There are also specialized antennae and amplifiers designed for boats that want to push the edges of normal cell data and voice range. Some can even retransmit amplified cell signals inside a yacht, so anyone aboard can benefit without cables. This technology is challenging though, and first-class gear and installers will help avoid disappointments. Leading manufacturers in marine cellular include Digital Antenna (www.digitalantenna.com), Shakespeare Marine (www.shakespeare-marine.com), and Marine Technologies (www.marinetechnologies.net).
Many serious cruising boats use both highpower WiFi and cellular equipment to get the most out of whatever shore-based connectivity is available. The next step, after all, involves satellites, and the choices become extreme. Portable satellite phones can be tethered to PCs, but pass data at glacial speed. Plus, until Globalstar replaces its ailing satellites or Inmarsat introduces its promised satphone, Iridium is the only satellite handset choice. But a tethered Iridium can handle e-mail, especially if used with software from OCENS (www.ocens.com) or GMN (www.globalmarinenet.net), and I recently found the new 9555 handset easier to use and better sounding.

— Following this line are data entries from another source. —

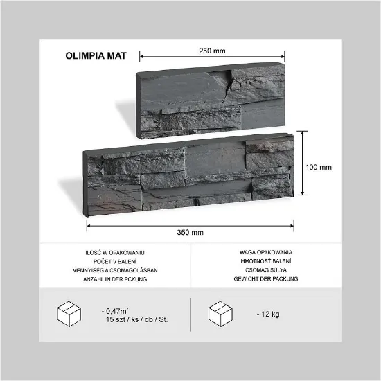 ​Kamień Betonowy Olimpia Mat to dekoracyjna płytka betonowa, która doskonale imituje naturalny kamień, nadając wnętrzom i elewacjom nowoczesny, elegancki charakter. Grafitowy kolor sprawia, że produkt harmonijnie komponuje się z różnymi stylami aranżacji.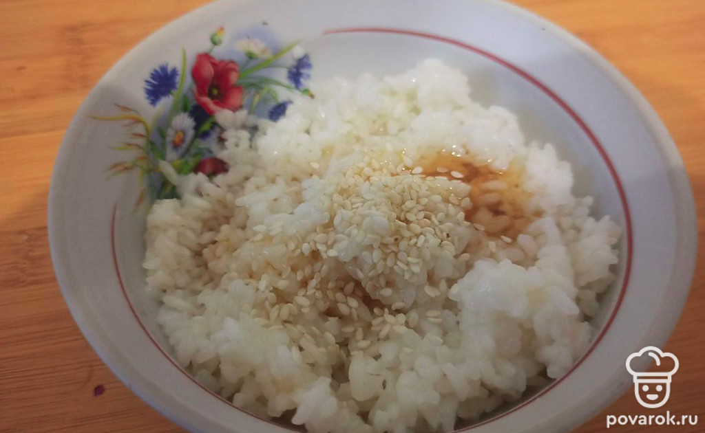 В приготовленный рис добавьте зерна кунжута и мед, хорошо перемешайте.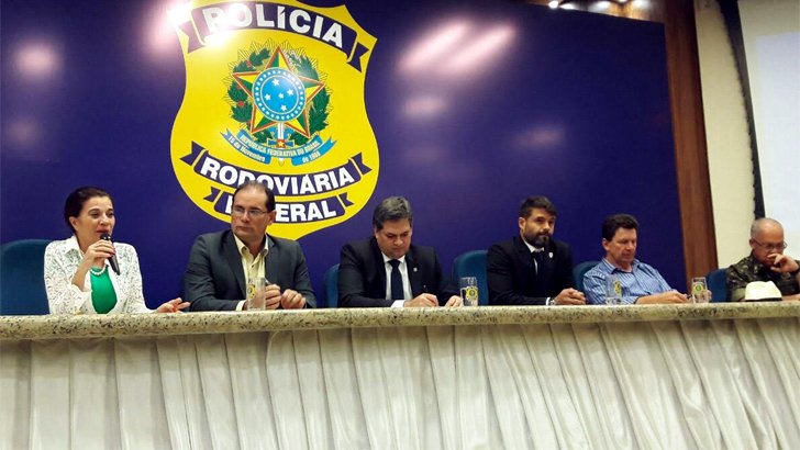 Brasília, DF - Ao lado do vice-governador Daniel Pereira e do diretor geral da Polícia Rodoviária Federal (PRF) em Brasília, Renato Dias, além de diversas autoridades rondonienses e representantes das forças de segurança pública do Estado de Rondônia, a deputada federal Marinha Raupp participou na quinta-feira (29) passada da posso do novo superintendente regional da PRF em Rondônia, inspetor Bruno Ferreira Malheiros.
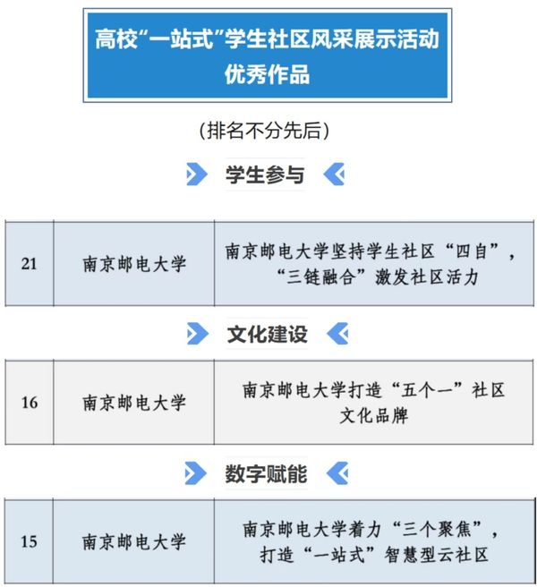 | 南郵3項(xiàng)成果獲評(píng)高校“一站式”學(xué)生社區(qū)風(fēng)采展示活動(dòng)優(yōu)秀作品 |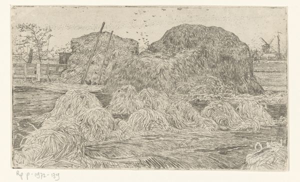 Pieter Dupont made this etching of haystacks in a field in 1895. In the late 19th century, rural scenes gained popularity, reflecting a nostalgia for a vanishing way of life amidst rapid industrialization. Dupont’s detailed rendering captures the texture and form of the haystacks, emphasizing the connection between the land and labor. Consider the role of agricultural workers, whose lives were deeply intertwined with these landscapes. The labor of these people, often marginalized, shaped the very fields depicted here. While seemingly pastoral, the scene hints at broader socio-economic structures influencing rural life. The presence of a distant windmill alludes to technological advancements gradually altering traditional farming practices. This image invites reflection on the complex relationship between progress, labor, and the land. It suggests a quiet, personal narrative amidst broader societal shifts.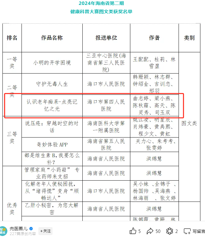 由海南省卫生健康委员会、海南省科学技术协会主办,海南省健康宣传教育中心承办的海南省2024年度第二期“白大褂说科普”健康科普大赛活动,经过前期申报、初选审核、公众投票、专家评审等环节,最终产生视频类一等奖1名、二等奖2名、三等奖3名,优秀奖5名;图文漫画类一等奖1名、二等奖2名、三等奖3名,优秀奖5名。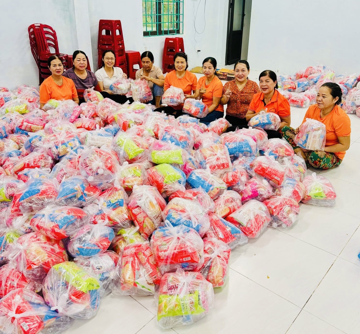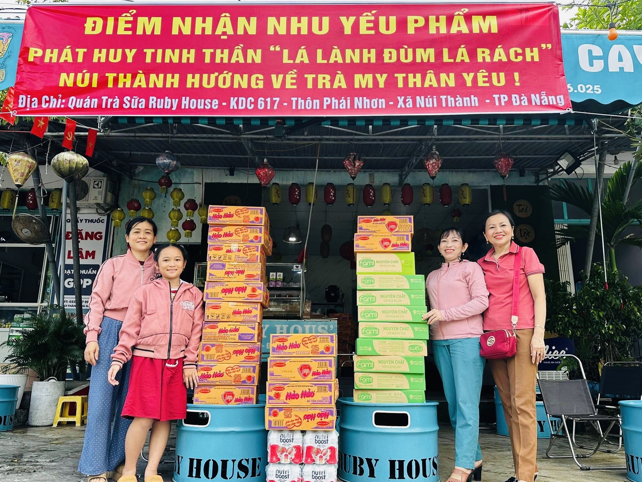 Ở một góc khác của xã Núi Thành, tinh thần sẻ chia ấy lan tỏa mạnh mẽ trong từng khu dân cư. Tại khối phố 5 (xã Núi Thành), chị Lê Thị Thu – Chi hội trưởng Chi hội Phụ nữ đã đứng ra huy động chị em tranh thủ sau giờ tan ca, cùng nhau đóng gói 400 suất quà gồm mì tôm, bánh ngọt, sữa…gửi đến khu vực Điện Bàn và các vùng đang bị chia cắt khác.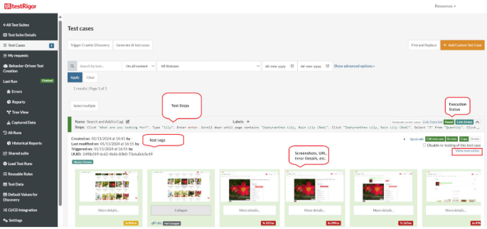 You can also download the complete execution with steps and screenshots in PDF or Word format through the View Execution option.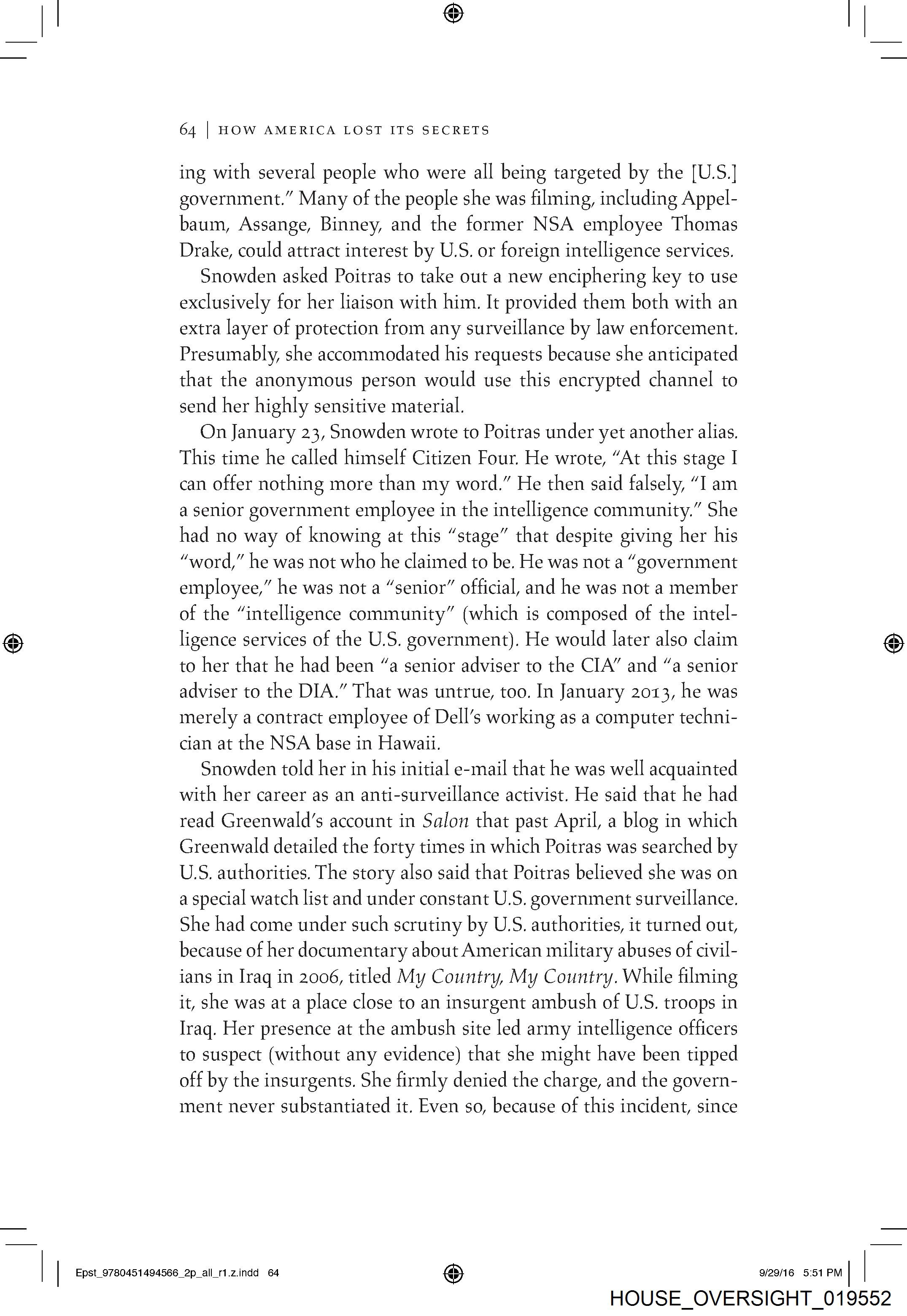 On January 23, Snowden wrote to Poitras under yet another alias.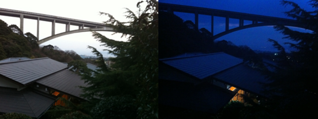 高速道路の高架がいい具合に、別府の街を見下ろす景色のアクセントになっている。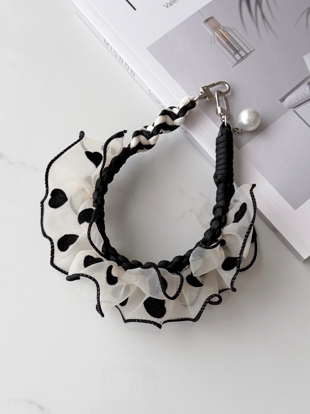 2色のフリルが目を引くデザインで、手に持ったり、バッグに引っ掛けたり、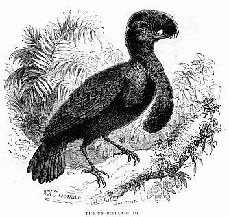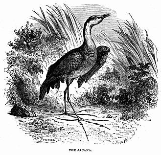 In the same localities the curious boat-bill heron is found,—its short thick neck and enormous beak giving it a clumsy, ungainly look alongside the elegant flamingo. The beak may be likened to two boats, laid one upon the other, gunwale to gunwale, the upper part of the mandible representing the keel. It feeds on the Crustacea which it picks up on the shore, as well as on fish—on which it pounces, as they swim by, from some branch overhanging the water.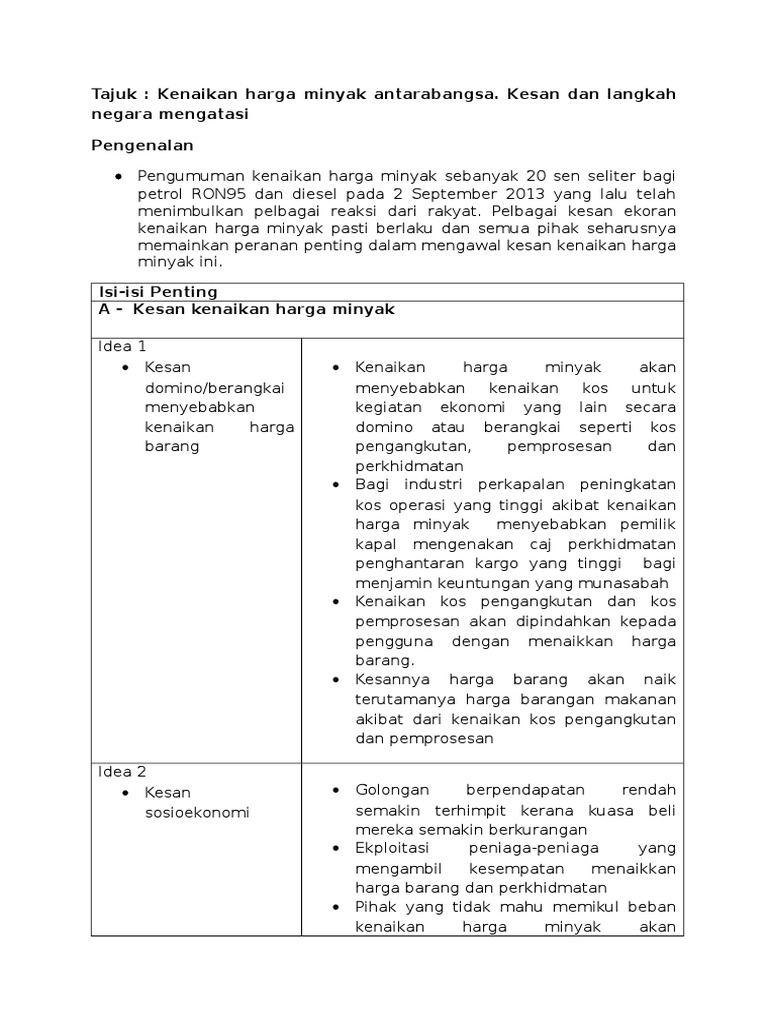 Kesan Kenaikan Harga Minyak Terhadap Masyarakat Pdf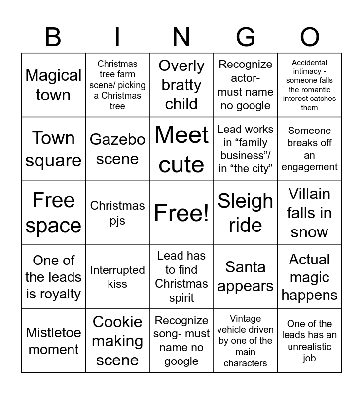 This bingo card has a free space and 24 words: Interrupted kiss, Cookie making scene, Meet cute, Mistletoe moment, Accidental intimacy - someone falls the romantic interest catches them, Magical town, Town square, Christmas tree farm scene/ picking a Christmas tree, Sleigh ride, Lead has to find Christmas spirit, Lead works in “family business”/ in “the city”, Free space, Santa appears, Actual magic happens, Gazebo scene, Vintage vehicle driven by one of the main characters, Villain falls in snow, Overly bratty child, Someone breaks off an engagement, Christmas pjs, One of the leads has an unrealistic job, One of the leads is royalty, Recognize actor- must name no google and Recognize song- must name no google.
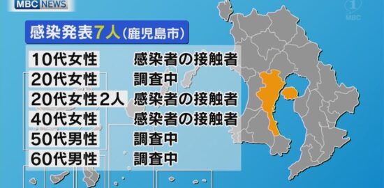 新型コロナウイルスの感染者が鹿児島県内で6日、新たに7人発表されました。新たに発表…

There are other ways to get e-mail offshore, if that's all the Internet you need. One is SkyMate (www.skymate.com), an easy-to-operate system that uses Orbcomm satellites and also offers off-boat monitoring. Another is the family of products, software, and services-many of them free- that make it possible to transmit data very slowly with a marine SSB radio; but if interested, you'd better start with a book, such as those from Cruising Companion Publications (www.idiyachts.com).
The other extreme is exemplified by those huge VSAT and Inmarsat domes that flower over megayacht fleets. Now smaller yachts can get much of the same broadband Internet goodness from the relatively tiny Iridium and KVH domes. I got an impressive call recently from a skipper who was beta testing the Skipper 150 (www.skippercommunications.com), whose performance should be similar to the KVH TracPhone FB150, and perhaps to Iridium's OpenPort. His voice sounded natural, aside from the satellite delay, and he was browsing web pages and uploading a video to his blog simultaneously, all from his 40-foot boat about 100 miles off Long Island.
Staying connected on your boat has gotten a lot easier, but then again our growing Internet appetites are hard to sate. That beta tester, for instance, probably wouldn't have been messing with big video files if he was actually paying the Fleet Broadband data rates. In fact, even many big-domed yachts have alternate WiFi and/or cellular Internet facilities in order to minimize costs when moored, and also for speed and redundancy. Making that all work together smoothly takes some tinkering.